◆ **REQUIREMENT**: For the listing below, the answer is an exact retyping of the lines from the one with "Featuring a stylish" through the one with "- ●未使用品●フェニックス", both included, without pictures.

◆ **DATA SHOWN**:
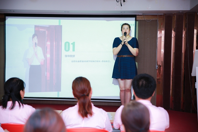 校长苏琼首先为大家介绍了金职伟业的组织架构,并表示金职伟业拥有专业的教学体系、优美的环境,确保学员们在学校能够专心学习,在工作中能够灵活运用所学知识,最后她表示金职伟业所有师资会倾囊相授,希望学员们好好学习,天天向上。
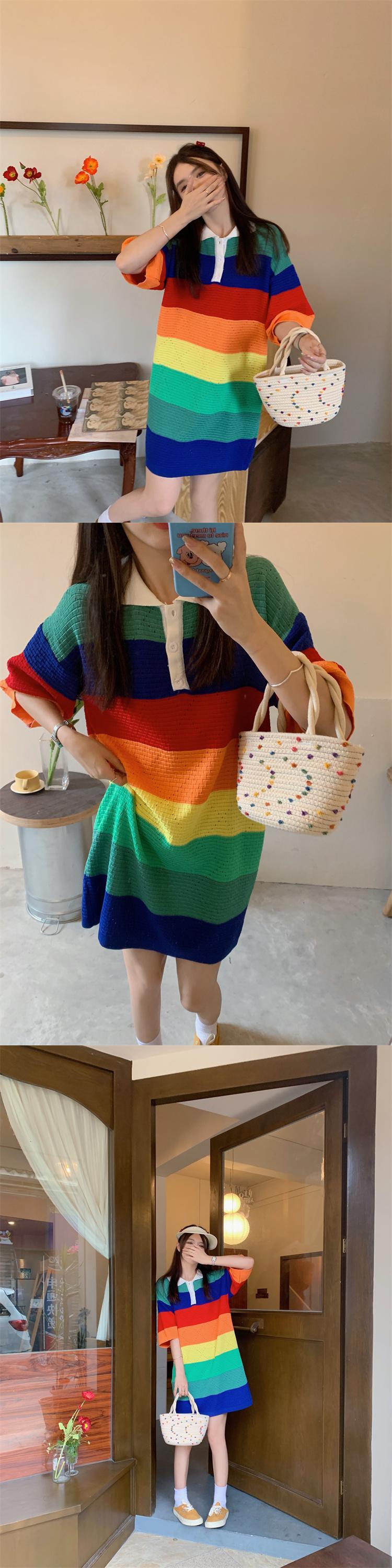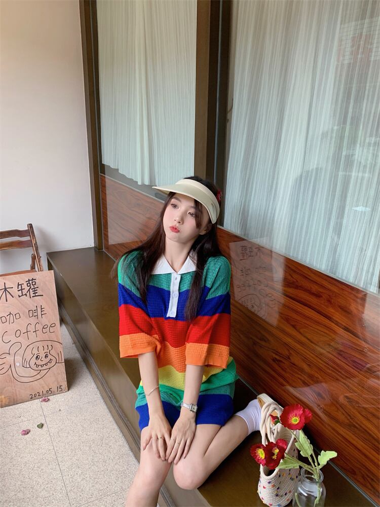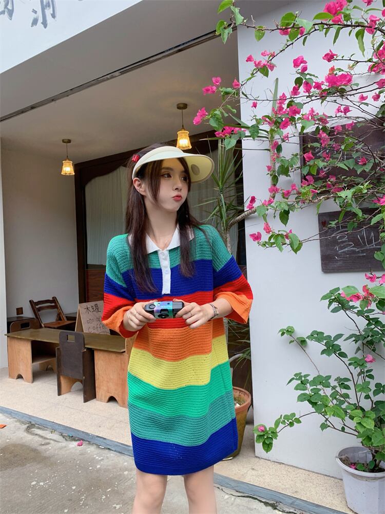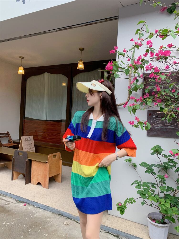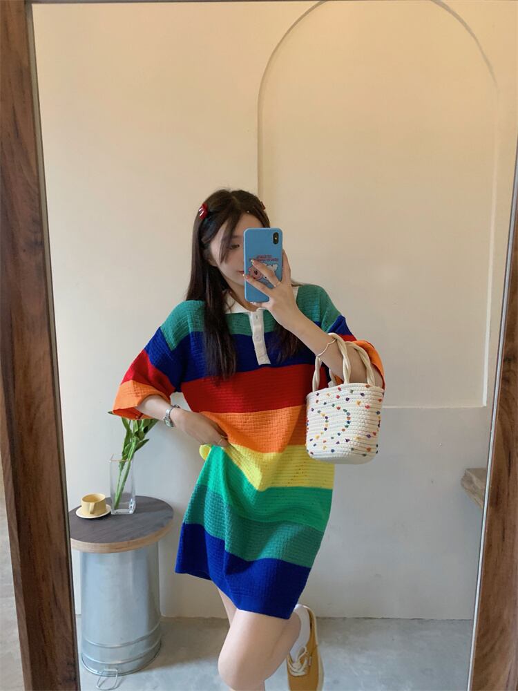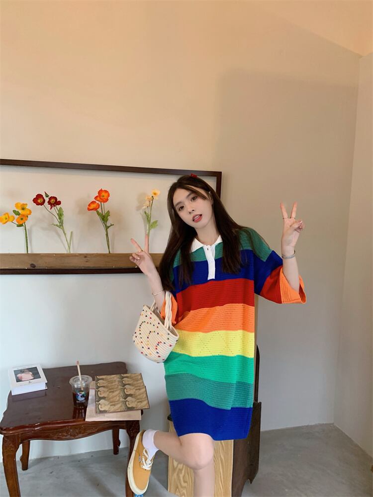 レインボーストライプ 半袖 Tシャツ レディース デザインセンス ニッチ ボトムス 抜けトップス ミドル丈 ポロシャツ ワンピ 夏 サマー 夏物 7460082927334291 | framboise21
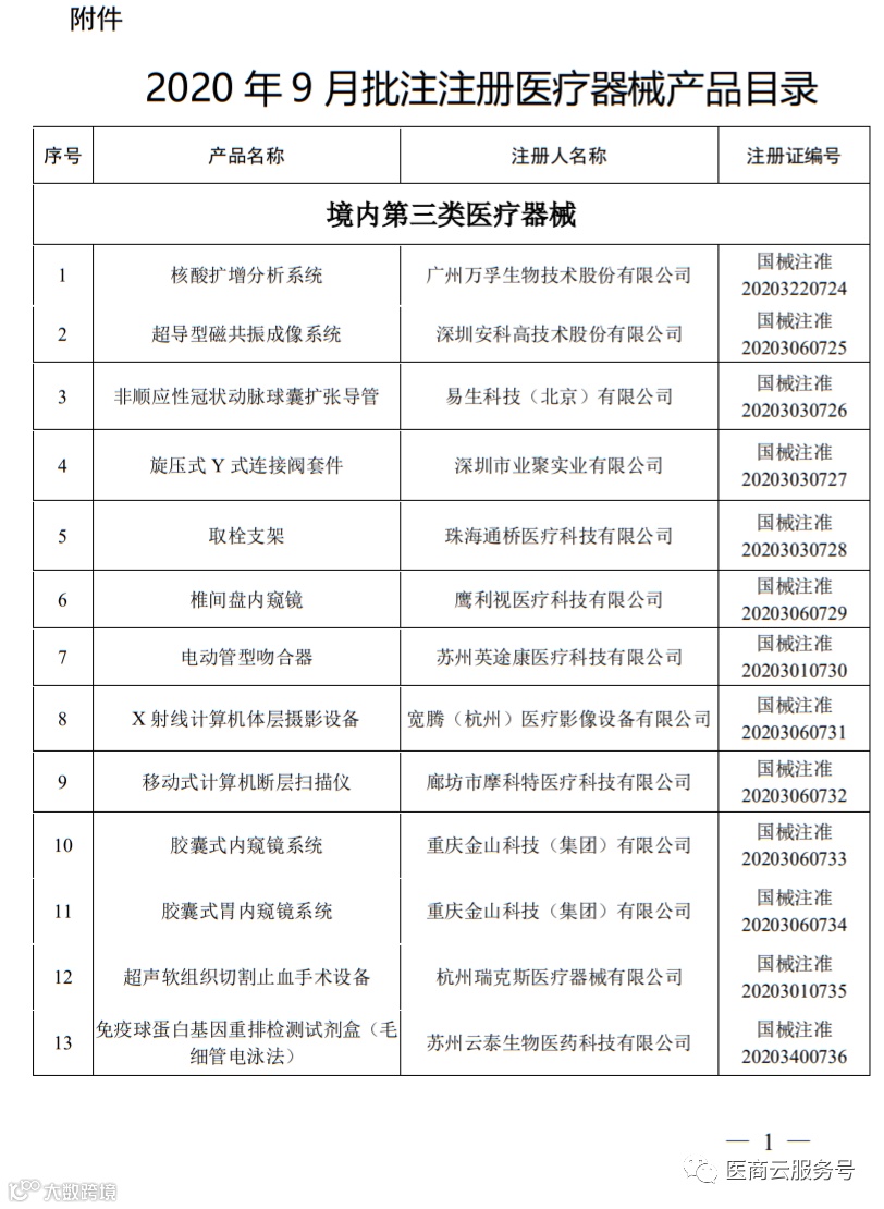 上述公告显示,2020年9月,国家药品监督管理局共批准注册医疗器械产品86个。其中,境内第三类医疗器械产品53个,进口第三类医疗器械产品16个,进口第二类医疗器械产品17个。
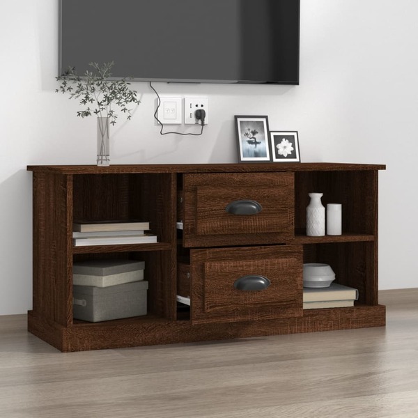 Featuring a stylish yet practical design, this TV cabinet is meant to become a focal point of your room. Durable material: The engineered wood is of exceptional quality with smooth surface and also features strength, stability, and resistance to moisture.Ample storage space: Equipped with 4 open compartments and 2 drawers, the TV stand offers ample storage space to keep all your magazines, DVDs and any other items well organised.Sturdy top: The top of the TV unit provides a secure surface to display decorative objects, photo frames, or potted plants. Good to know:To make assembly as easy as possible, each product is delivered with a manual.
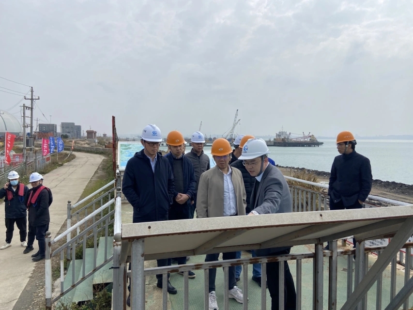 3月7日上午,省质安中心主任黄善明一行到我港石门澳作业区6#、9#和11#泊位工程项目调研指导。中心党委委员、副主任魏卓慧,质安站及参建单位相关负责人陪同调研。
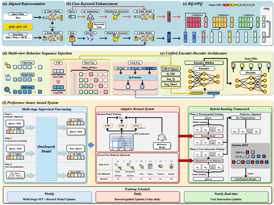 OneSearch框架集三大创新于一身:关键词增强层次量化编码(KHQE)模块、多视角用户行为序列注入策略以及偏好感知奖励系统(PARS)。
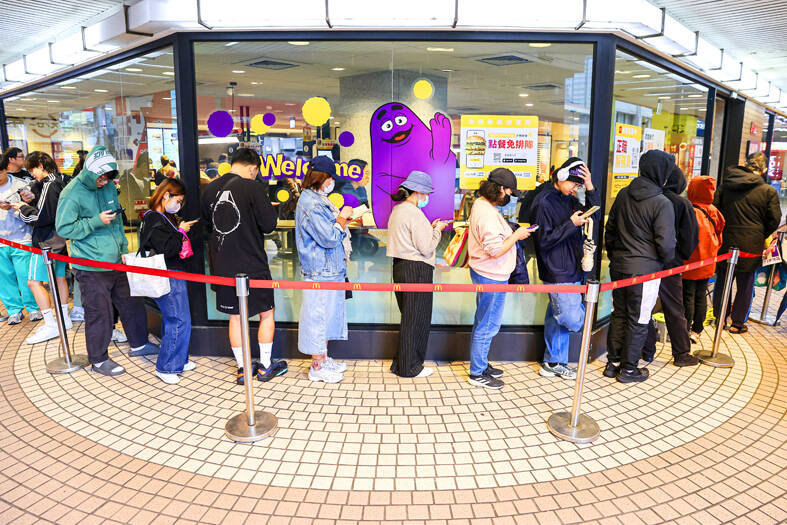 A woman from New Taipei City surnamed Hsu (徐) said that she arrived three hours early at a McDonald’s on Guanqian Road in Taipei’s Zhongzheng District (中正) that is running the promotion to secure a Grimace Fuzzy Bag and to buy four strawberry milkshakes for her family.
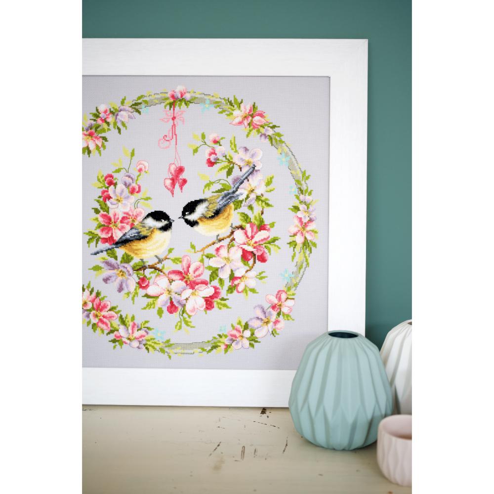 Counted Cross Stitch Kit ~ Great Tits in Flower Wreath
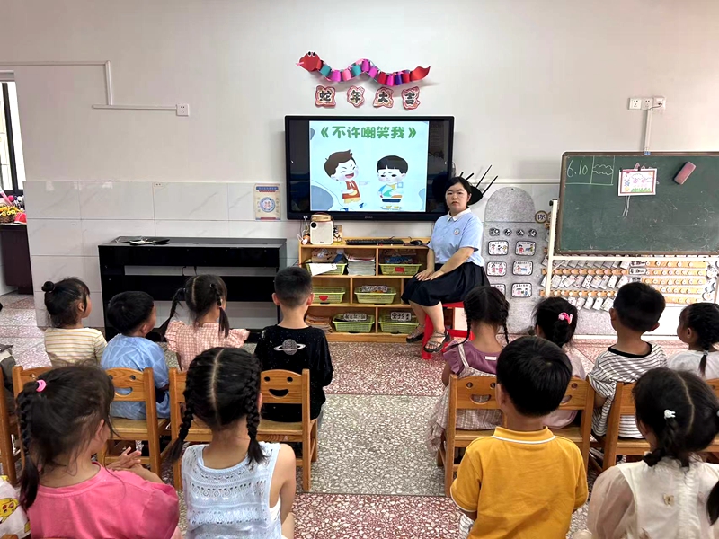 本网讯 近日,江南镇中心幼儿园中班组开展《不许嘲笑我》心理健康主题学习活动,为幼儿的心灵成长筑牢温暖防线。 活动中,教师以生动的绘本故事《不许嘲笑我》为切入点,用童趣的语言和精美的画面,引导孩子们认识嘲笑行为对他人造成的伤害。通过情景模拟、互动问答等形式,让幼儿设身处地感受被嘲笑者的难过心情,学习用友善的语言和行动对待同伴。孩子们积极参与讨论,纷纷表示“要做善良的小天使”。 该园负责人表示,此次活动有效帮助中班幼儿建立尊重他人、友善待人的意识,引导他们学会换位思考,为培养良好的社交能力和健康心理奠定基础。 初审初校:王海梅 复审复校:谢 庆 终审终校:廖迎亚
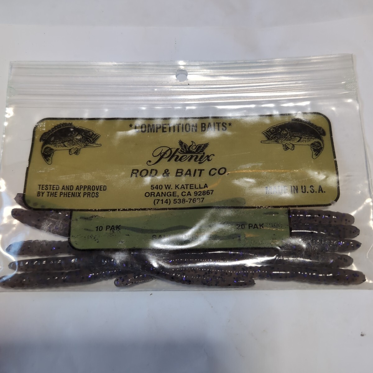 - ●未使用品●フェニックス●ストレートワーム●4インチ、10本入、スモークパープルブラックラメ●4
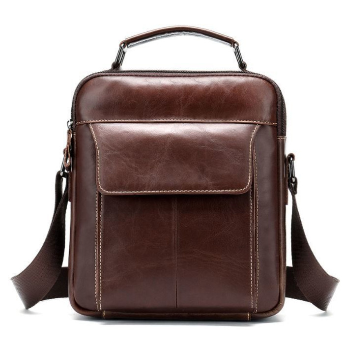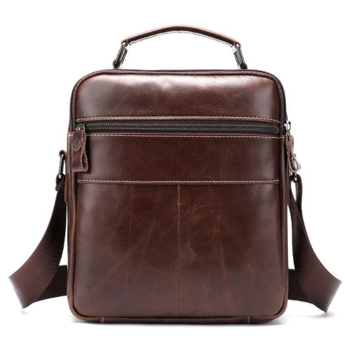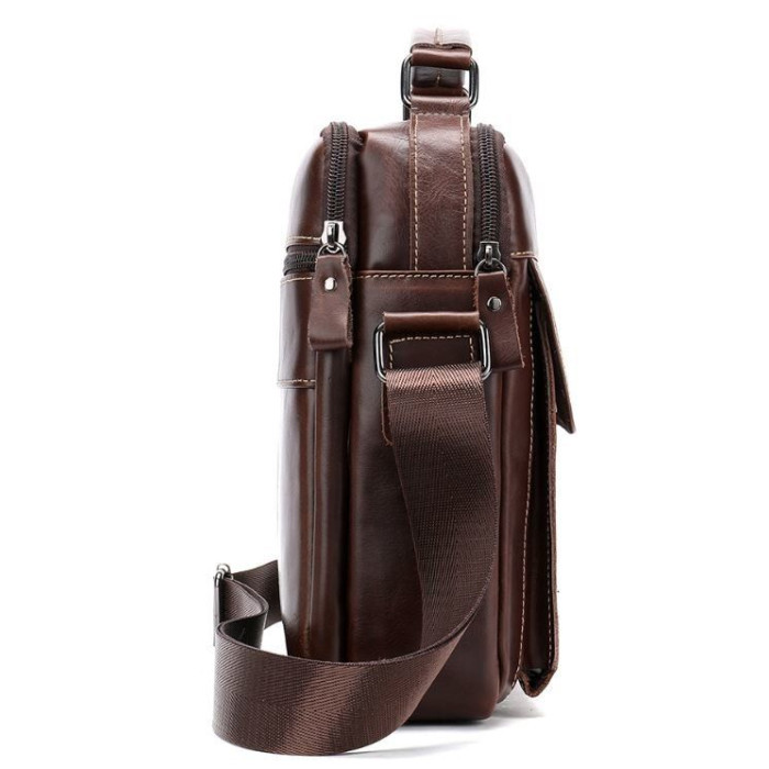 З такою сумкою на кожен день вам буде дуже зручно. Аксесуар виготовлений з натуральної шкіри хорошої якості. По краях прошитий світлою ниткою. Сумка має відмінний функціонал ідеальний для будь-якого чоловіка. В сумку поміститься невелика пляшка води, щоденник і планшет. Аксесуар буде відмінним подарунком для близької людини.
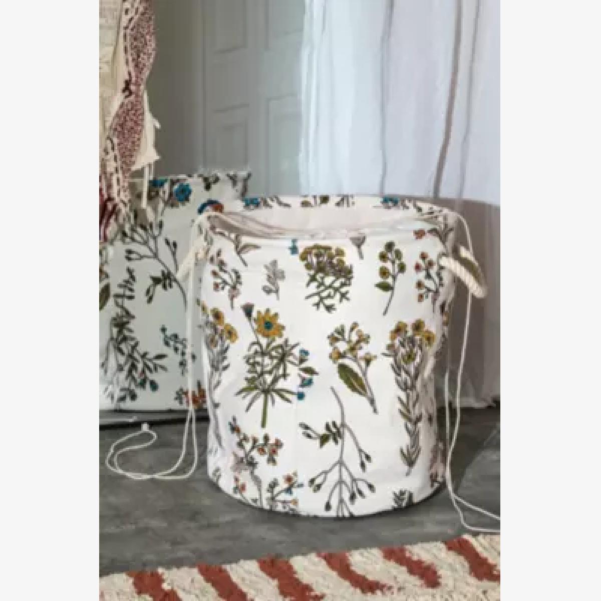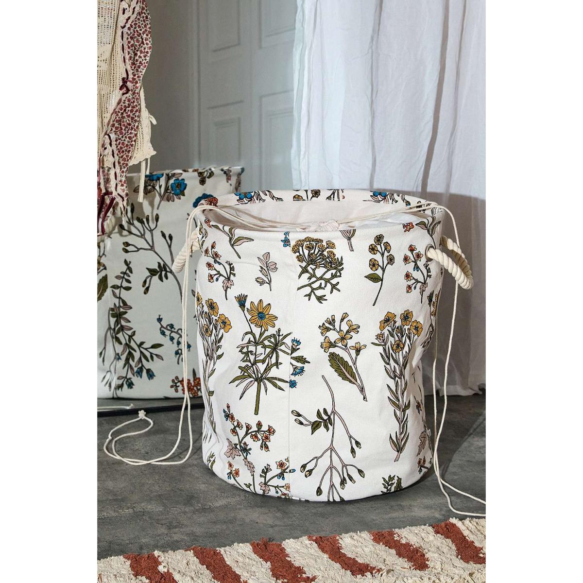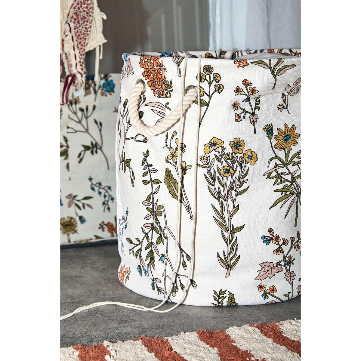 Store your laundry in style. Laundry basket with a cylindrical shape crafted from woven cotton with a cute floral print, two rope handles and a drawstring top. **Content + Care** \- 100% Cotton- Spot clean
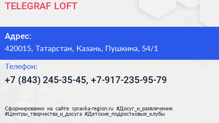 TELEGRAF LOFT по адресу 420015, Татарстан, Казань, Пушкина, 54/1 в дальнейшем Организация, размещена в следующих категориях:
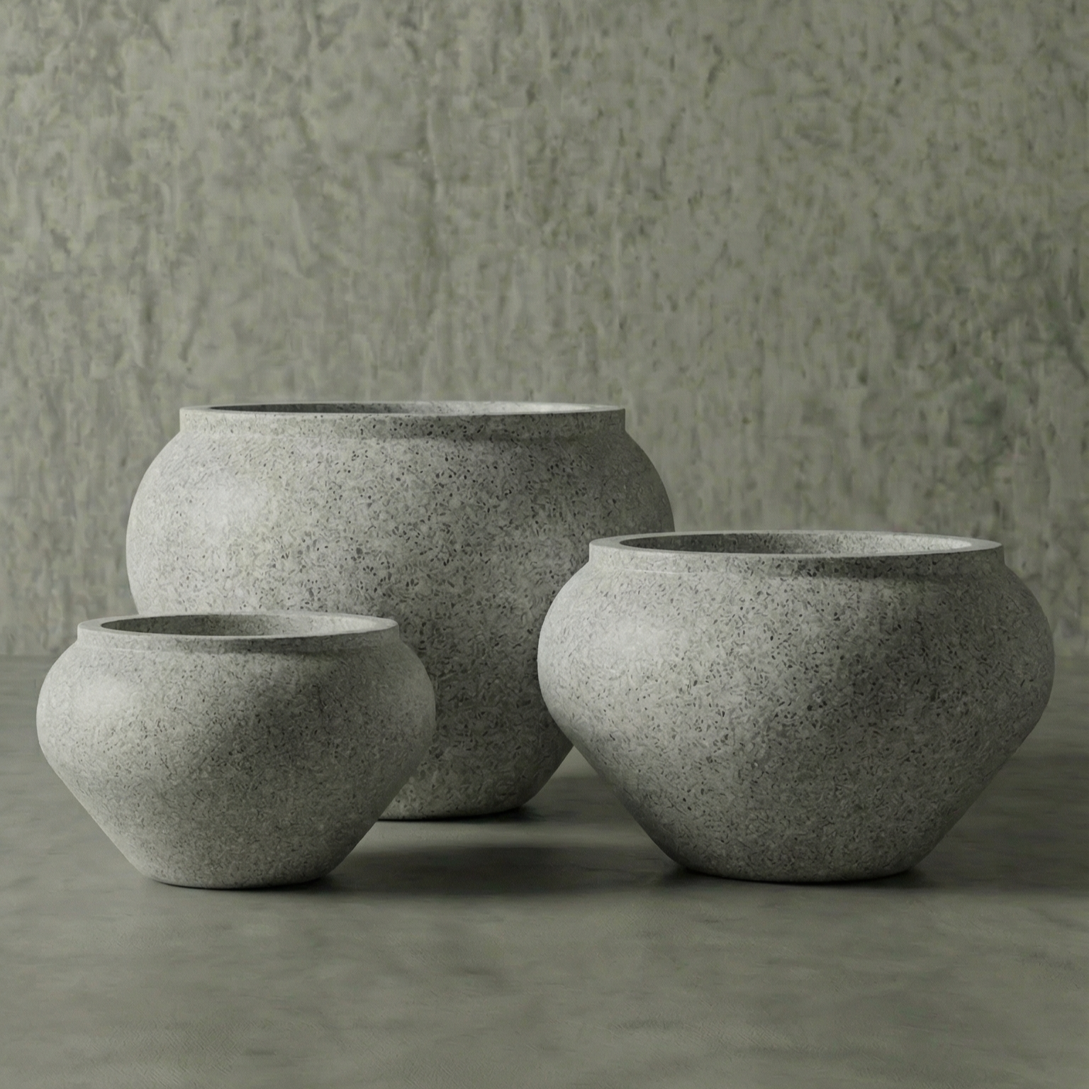 Antik formların anıtsal gücünü modern brütalizmin yalın çizgileriyle birleştiren Lobben, peyzaj tasarımına heykelsi bir derinlik katıyor. Geniş hacmi ve tabana doğru zarifçe daralan kavisli siluetiyle mekanın enerjisini sabitleyen bir odak noktası görevi görür. DECOMAXI’nin yenilikçi hafif beton teknolojisiyle hayat bulan Lobben serisi, 113 cm çapa ve 80 cm yüksekliğe ulaşan dev boyutlarına rağmen sunduğu şaşırtıcı hafifliğiyle prestijli projelerde kullanım kolaylığı sağlar. Betonun zamansız dokusunun en görkemli haliyle bitkileriniz için sanatsal bir sahne yaratın.

◆ **SOLUTION TO THIS PROBLEM**:
 Featuring a stylish yet practical design, this TV cabinet is meant to become a focal point of your room. Durable material: The engineered wood is of exceptional quality with smooth surface and also features strength, stability, and resistance to moisture.Ample storage space: Equipped with 4 open compartments and 2 drawers, the TV stand offers ample storage space to keep all your magazines, DVDs and any other items well organised.Sturdy top: The top of the TV unit provides a secure surface to display decorative objects, photo frames, or potted plants. Good to know:To make assembly as easy as possible, each product is delivered with a manual.
 3月7日上午,省质安中心主任黄善明一行到我港石门澳作业区6#、9#和11#泊位工程项目调研指导。中心党委委员、副主任魏卓慧,质安站及参建单位相关负责人陪同调研。
 OneSearch框架集三大创新于一身:关键词增强层次量化编码(KHQE)模块、多视角用户行为序列注入策略以及偏好感知奖励系统(PARS)。
 A woman from New Taipei City surnamed Hsu (徐) said that she arrived three hours early at a McDonald’s on Guanqian Road in Taipei’s Zhongzheng District (中正) that is running the promotion to secure a Grimace Fuzzy Bag and to buy four strawberry milkshakes for her family.
 Counted Cross Stitch Kit ~ Great Tits in Flower Wreath
 本网讯 近日,江南镇中心幼儿园中班组开展《不许嘲笑我》心理健康主题学习活动,为幼儿的心灵成长筑牢温暖防线。 活动中,教师以生动的绘本故事《不许嘲笑我》为切入点,用童趣的语言和精美的画面,引导孩子们认识嘲笑行为对他人造成的伤害。通过情景模拟、互动问答等形式,让幼儿设身处地感受被嘲笑者的难过心情,学习用友善的语言和行动对待同伴。孩子们积极参与讨论,纷纷表示“要做善良的小天使”。 该园负责人表示,此次活动有效帮助中班幼儿建立尊重他人、友善待人的意识,引导他们学会换位思考,为培养良好的社交能力和健康心理奠定基础。 初审初校:王海梅 复审复校:谢 庆 终审终校:廖迎亚
 - ●未使用品●フェニックス●ストレートワーム●4インチ、10本入、スモークパープルブラックラメ●4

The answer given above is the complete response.